A large number of natural products, especially those used in ethnomedicine of malaria, have shown varying in vitro antiplasmodial activities. Facilitating antimalarial drug development from this wealth of natural products is an imperative and laudable mission to pursue. However, limited manpower, high research cost coupled with high failure rate during preclinical and clinical studies might militate against the pursuit of this mission.

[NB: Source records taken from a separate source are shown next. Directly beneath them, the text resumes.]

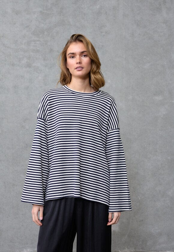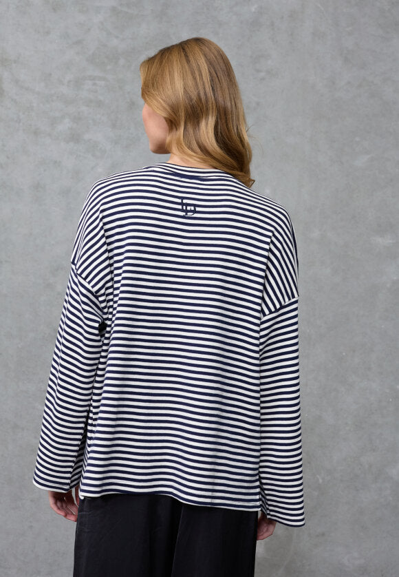 Stripet bluse fra Love & Divine i krem og mørkeblå. Blusen er laget av 100 % bomull og har et klassisk stripet mønster med broderidetaljer.
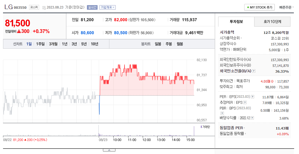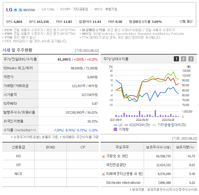 LG 현재 주가는 81,200원이며 전일 대비 -7.20원의 모습을 보이고 있습니다. LG의 주주현황을 살펴보면 구광모(외 29인)이 지분 41.70%를 소유하고 있습니다. LG는 복합 산업 기업으로 장중 기준으로 주가는 81,200원 입니다. 삼성전자의 시가 총액은 12조8200억 원이며 발행 주식수는 36.33주 입니다. 외국인 보유 비중은 121,937% 이며 장중 거래량은 157,300,993를 기록했습니다. 매출액은 16,490억 원, 영업이익은 19,414억 원을 달성했습니다. EPS는 10,325원이며 LG 주식 배당수익률은 3.84% 입니다.
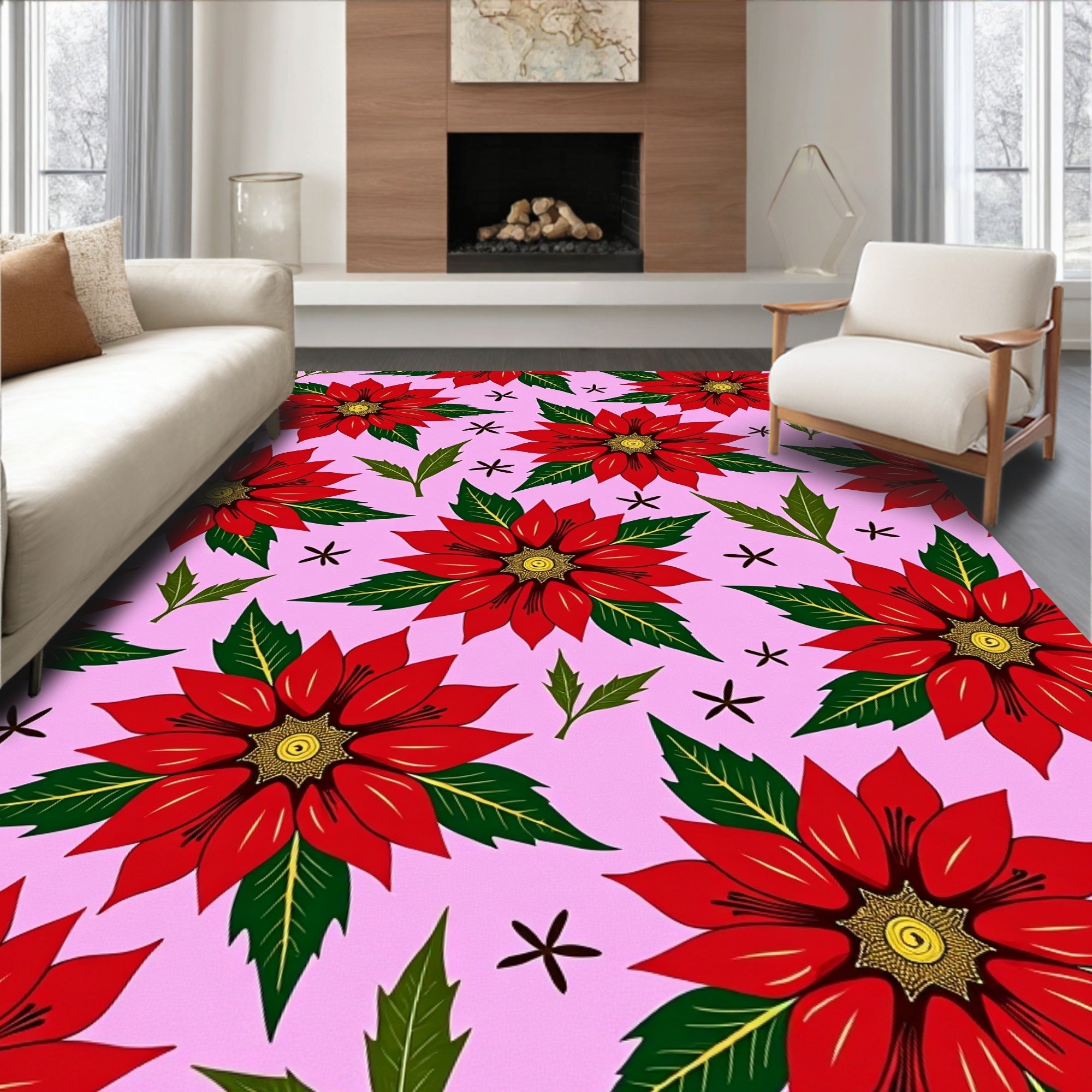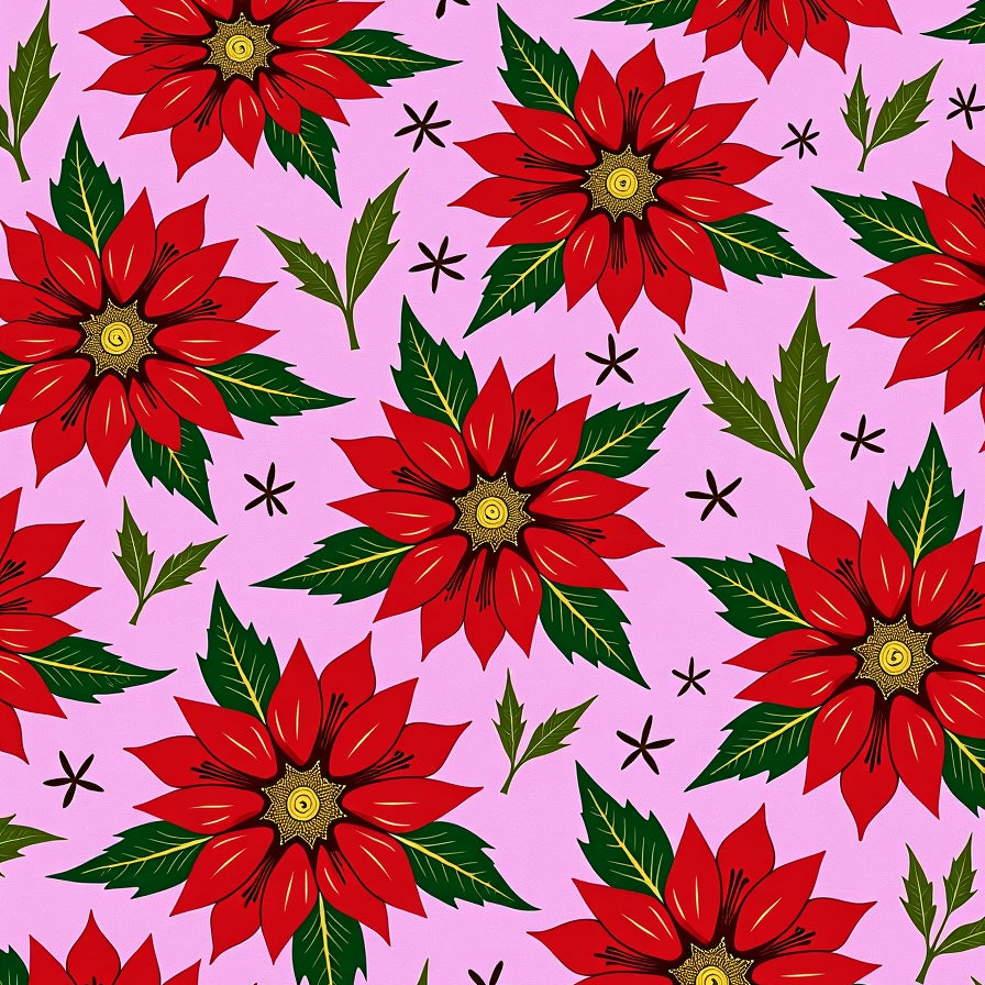 Poinsettia Bloom with Holiday Flower Motifs(Pink)
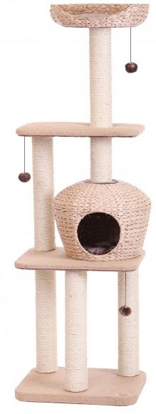 Kratzbäume dienen zur Selbstständigen Beschäftigung Ihrer Katze und bieten oft auch einen Rückzugsort. Außerdem schützen Sie somit Ihre Einrichtung, da Sie Ihrer Katze eine gute Alternative zur Pflege ihrer Krallen bieten. "Nanuk" ist hellbraun, steht auf einer Grundfläche von 50 x 40 cm und ist 156 cm hoch. Die Höhle und die Liegeplatte sind aus Wasserhyazinthe geflochten und die Platten sind mit Jute bespannt. Als Kratzflächen dienen mehrere Sisalstämme
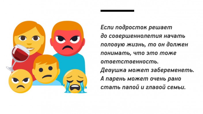 В этой части мне не хотелось сводить все к навязыванию шаблонов. В нашем обществе семья - это ценность. Но важно ребенку дать понять, что когда и с кем создавать семью - это его выбор. Вообще все в жизни - результат нашего выбора. Поэтому мы говорим об ответственности.
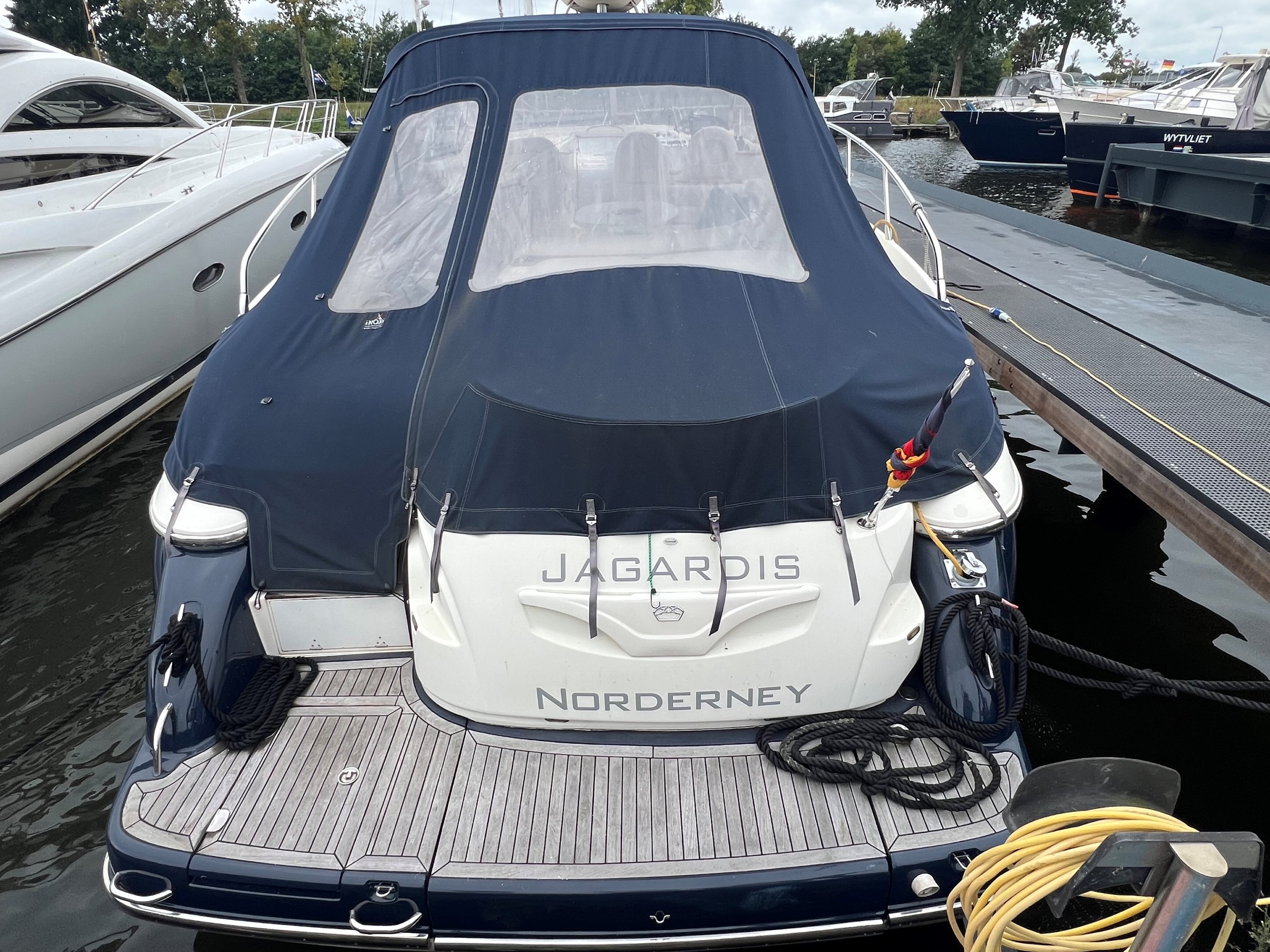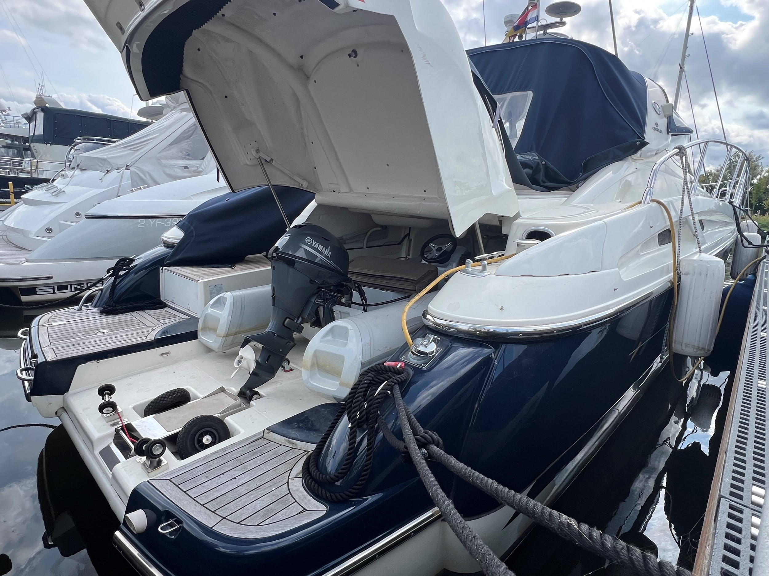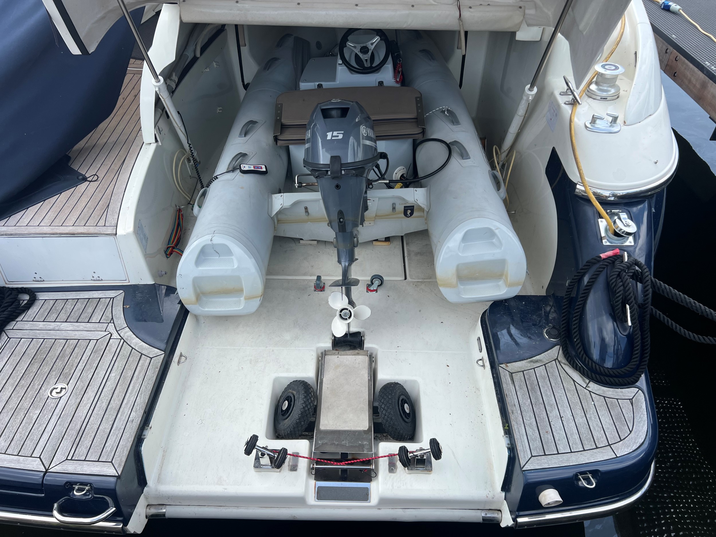 Der er fenderholdere i rustfrit stål, jollegarage med elektrisk spil (jolle medfølger ikke), trin til styrbord sidedæk, , cockpitbelysning, Yachtcontroller-fjernbetjening til betjening af bov- og hækpropeller og begge hovedmotorer gør fortøjning let, Webasto dieselvarme i hele skibet + åbent cockpit, fortøjningsspil på bagbord og styrbord side på agterdækket, solseng på agterdækket med aftagelige hynder, hydraulisk sammenklappelig landgangsbro.

These limitations may be overcome with cheminformatic techniques. Cheminformatics involves the organization, integration, curation, standardization, simulation, mining and transformation of pharmacology data (compounds and bioactivity) into knowledge that can drive rational and viable drug development decisions. This chapter will review the application of cheminformatics techniques (including molecular diversity analysis, quantitative-structure activity/property relationships and Machine learning) to natural products with in vitro and in vivo antiplasmodial activities in order to facilitate their development into antimalarial drug candidates and design of new potential antimalarial compounds.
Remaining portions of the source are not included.